--- Entries shown Enclosed Below ---

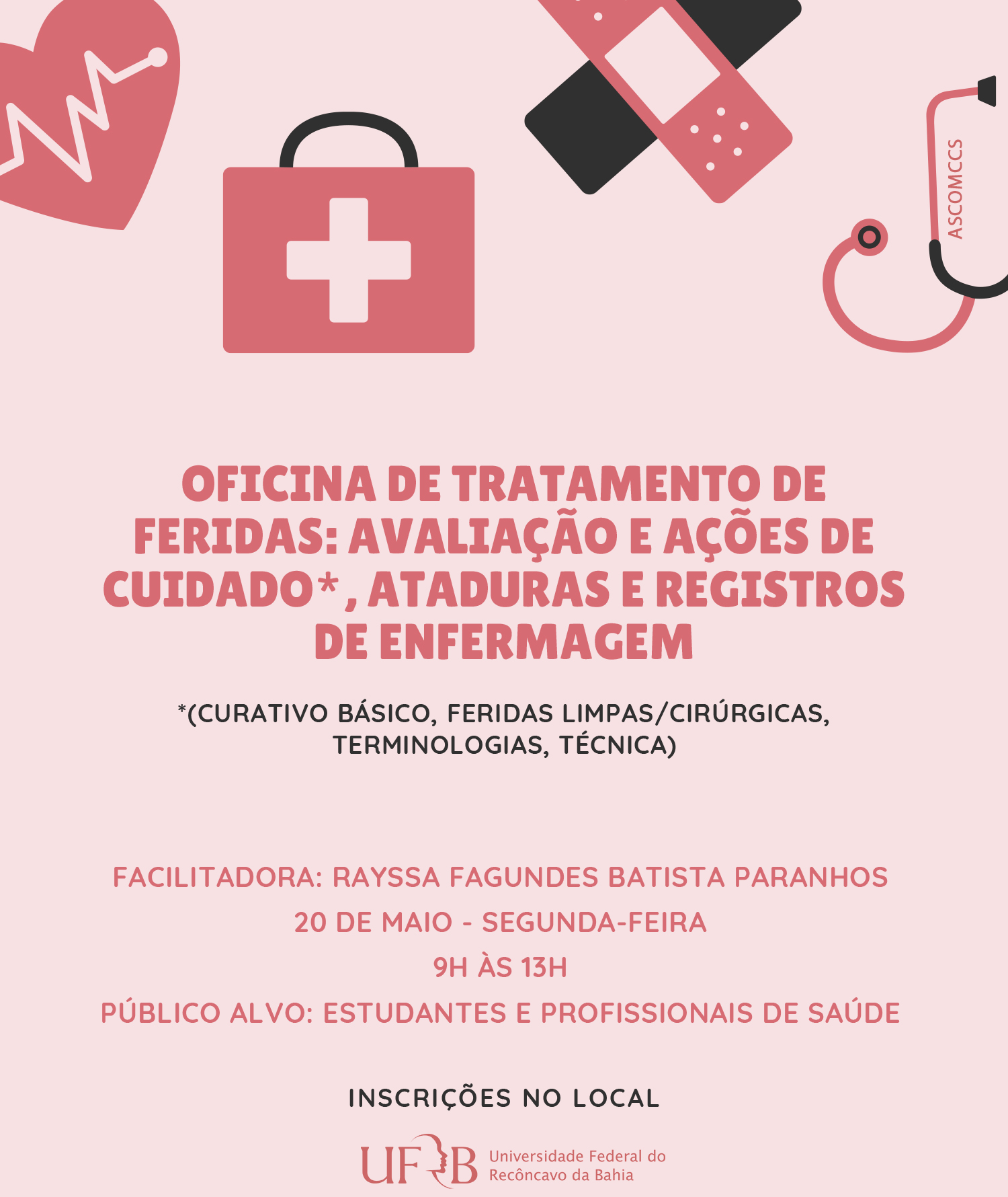 Na próxima segunda-feira, dia 20, de 09h às 13h, acontecerá no Centro de Ciências da Saúde a Oficina de tratamento de feridas: avaliação e ações de cuidado (curativo básico, feridas limpas/cirúrgicas, terminologias, técnica) Ataduras e registros de enfermagem.
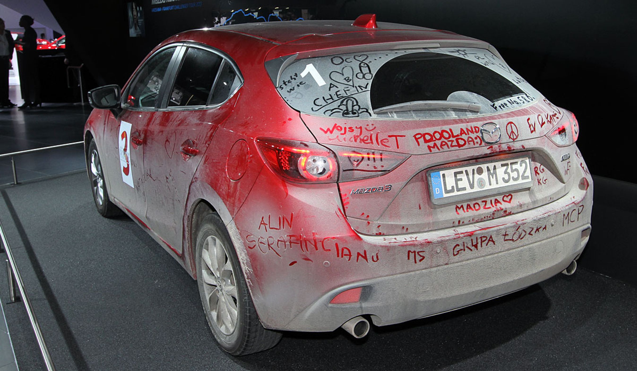 Men ikke Mazda 3 ved verdenspremieren i Frankfurt. Et af de mange udstillede eksemplarer stod lidt bagved og var møgbeskidt.
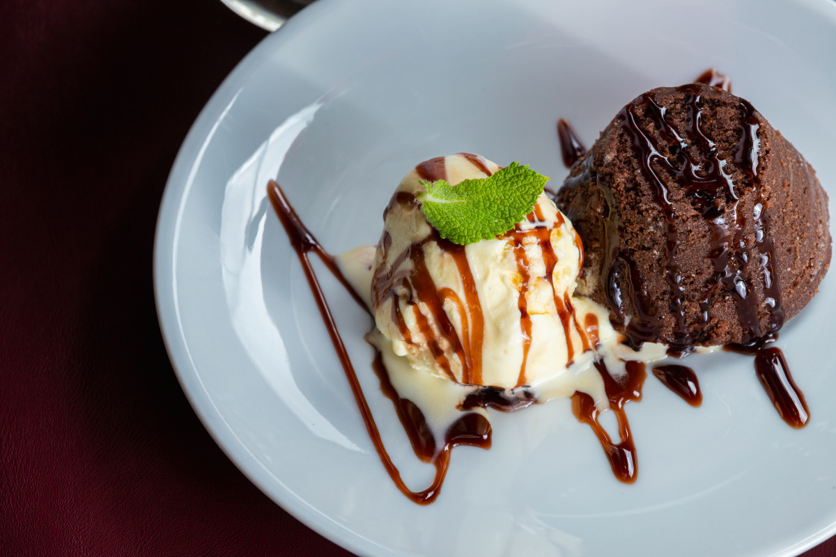 (Opção 1) Petit Gâteau de Chocolate e Sorvete de Creme.
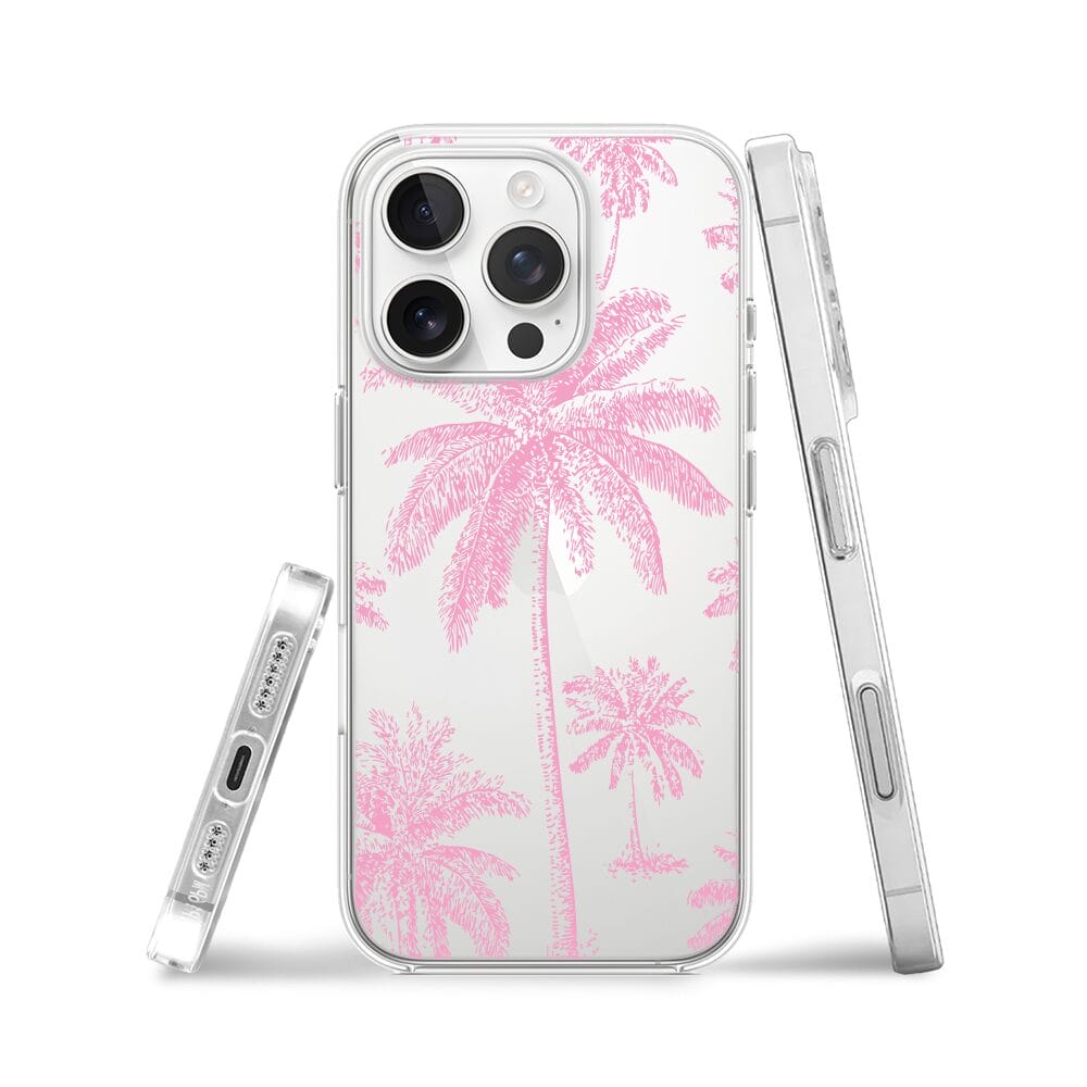 Etui do iPhone 16 Pro Max przeźroczyste, silikonowe Flexi, Mystic, Różowe palmy
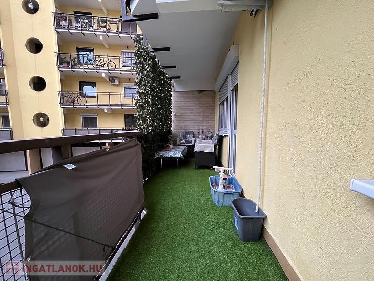 • nagy méretű, belső udvarra néző tágas erkély tárolóval, ahol kényelmesen elférnek a kerti bútorok vagy növények,
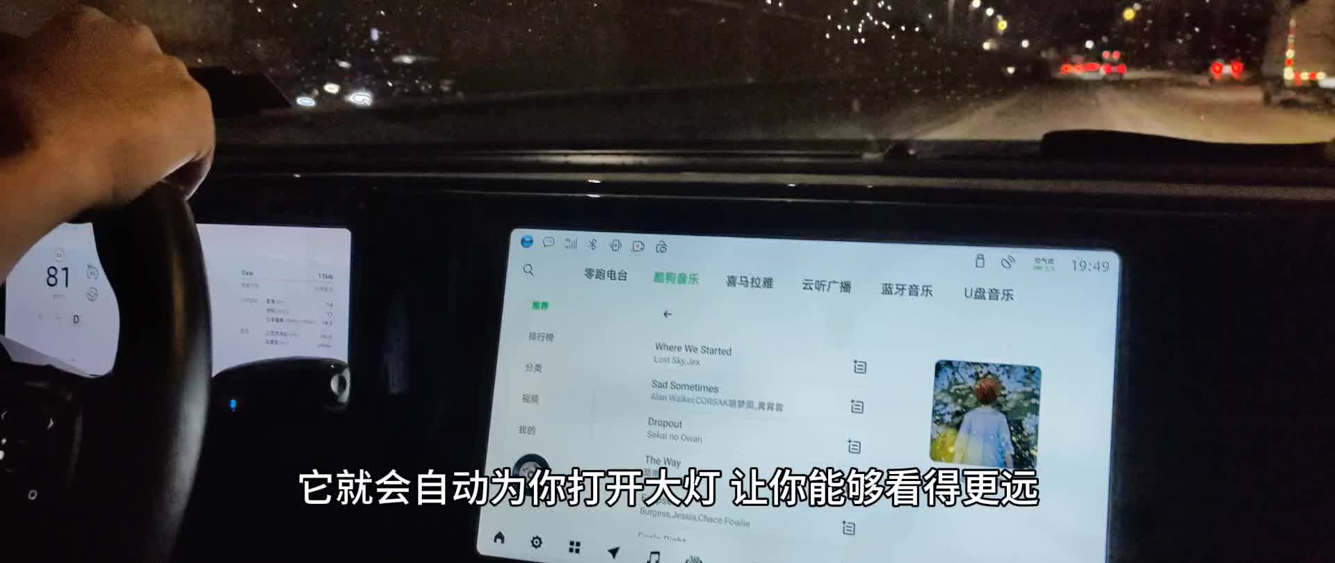 各位零居,晚上开车,记得注意车前大灯是否开启,因为这是个人安全和对他人的一种尊重。 仪表盘左上角会提示是否开启大灯,如果你忘记开启大灯了,没关系,通过语音呼唤小零开灯,它就会自动为你打开大灯,让你能够看得更远,更清晰。 在这个忙碌的都市生活中,即使是晚上出门,因为有零跑C11陪伴,让我们在驾驶的过程中更加安全、便捷。

--- End of Enclosed Entries shown ---

**What the exercise asks**
The lines from the one holding "(Opção 1) Petit" to the final line of the entries are to be duplicated exactly, and the pictures are to be left out.

**Answer space**
 (Opção 1) Petit Gâteau de Chocolate e Sorvete de Creme.
 Etui do iPhone 16 Pro Max przeźroczyste, silikonowe Flexi, Mystic, Różowe palmy
 • nagy méretű, belső udvarra néző tágas erkély tárolóval, ahol kényelmesen elférnek a kerti bútorok vagy növények,
 各位零居,晚上开车,记得注意车前大灯是否开启,因为这是个人安全和对他人的一种尊重。 仪表盘左上角会提示是否开启大灯,如果你忘记开启大灯了,没关系,通过语音呼唤小零开灯,它就会自动为你打开大灯,让你能够看得更远,更清晰。 在这个忙碌的都市生活中,即使是晚上出门,因为有零跑C11陪伴,让我们在驾驶的过程中更加安全、便捷。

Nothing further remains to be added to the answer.